* What the task asks
Leaving out all pictures, copy the lines below exactly, from the line with "Buy Online Noorani" to the last line, both ends included.

* Data segment
--- --- ---

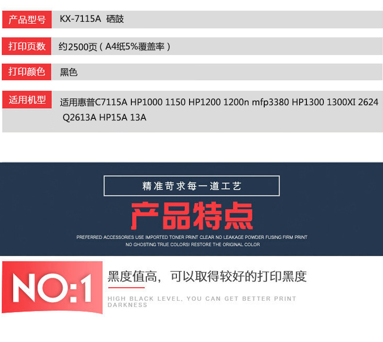 凱欣KX-C7115A 適用惠普C7115A硒鼓HP1000 1150 HP1200 1200n mfp3380 HP1300 1300XI 2624 Q2613A易加粉HP15A 13A硒鼓 全國統(tǒng)一價:275元
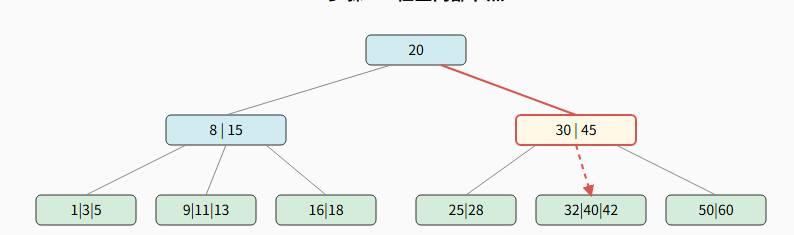 第三次磁盘 I/O, 读取叶子节点 [32 | 40 | 42] 到内存。
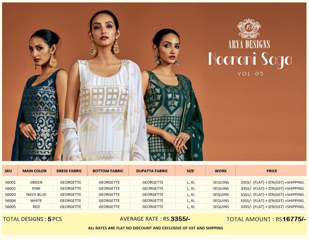 Buy Online Noorani Saga Vol 5 By Arya Designs Ready To Wear Collection Manufacturer Surat 5 Pcs of Full Catalogue at Wholesale Price. Looking for Noorani Saga Vol 5 By Arya Designs Ready To Wear Collection Manufacturer Surat Full Catalouge at Best Price? Buy Now Noorani Saga Vol 5 By Arya Designs Ready To Wear Collection Manufacturer Surat at Wholesale Rate of Rs 16775 with Total 5 Pcs from authroized dealer and supplier of Brand. Cost of Each piece is just only Rs 3355 which is very low and affordable price to resale the product in your retail store ,This is Surat based Wholesale Supplier & Dealer of Brand. Click on Brand name to Know more about Brand's products.Call or Whatsapp on 9898838984 for booking or enquiry
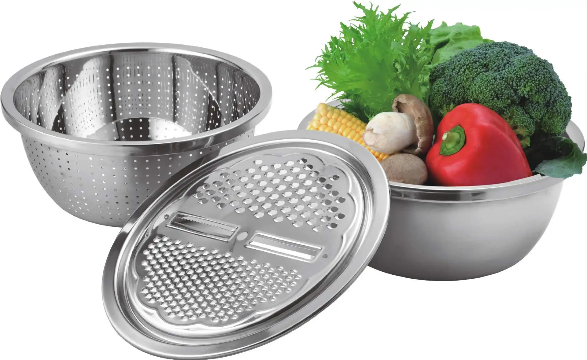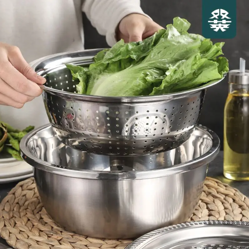 Нержавеющая сталь кухонный нож дуршлаги 2 в 1 для овощей и фруктов чашу комплект тонкой сетки/пластичная Shredding сливная раковина умывальника корзина

--- --- ---

* Task response
 Buy Online Noorani Saga Vol 5 By Arya Designs Ready To Wear Collection Manufacturer Surat 5 Pcs of Full Catalogue at Wholesale Price. Looking for Noorani Saga Vol 5 By Arya Designs Ready To Wear Collection Manufacturer Surat Full Catalouge at Best Price? Buy Now Noorani Saga Vol 5 By Arya Designs Ready To Wear Collection Manufacturer Surat at Wholesale Rate of Rs 16775 with Total 5 Pcs from authroized dealer and supplier of Brand. Cost of Each piece is just only Rs 3355 which is very low and affordable price to resale the product in your retail store ,This is Surat based Wholesale Supplier & Dealer of Brand. Click on Brand name to Know more about Brand's products.Call or Whatsapp on 9898838984 for booking or enquiry
 Нержавеющая сталь кухонный нож дуршлаги 2 в 1 для овощей и фруктов чашу комплект тонкой сетки/пластичная Shredding сливная раковина умывальника корзина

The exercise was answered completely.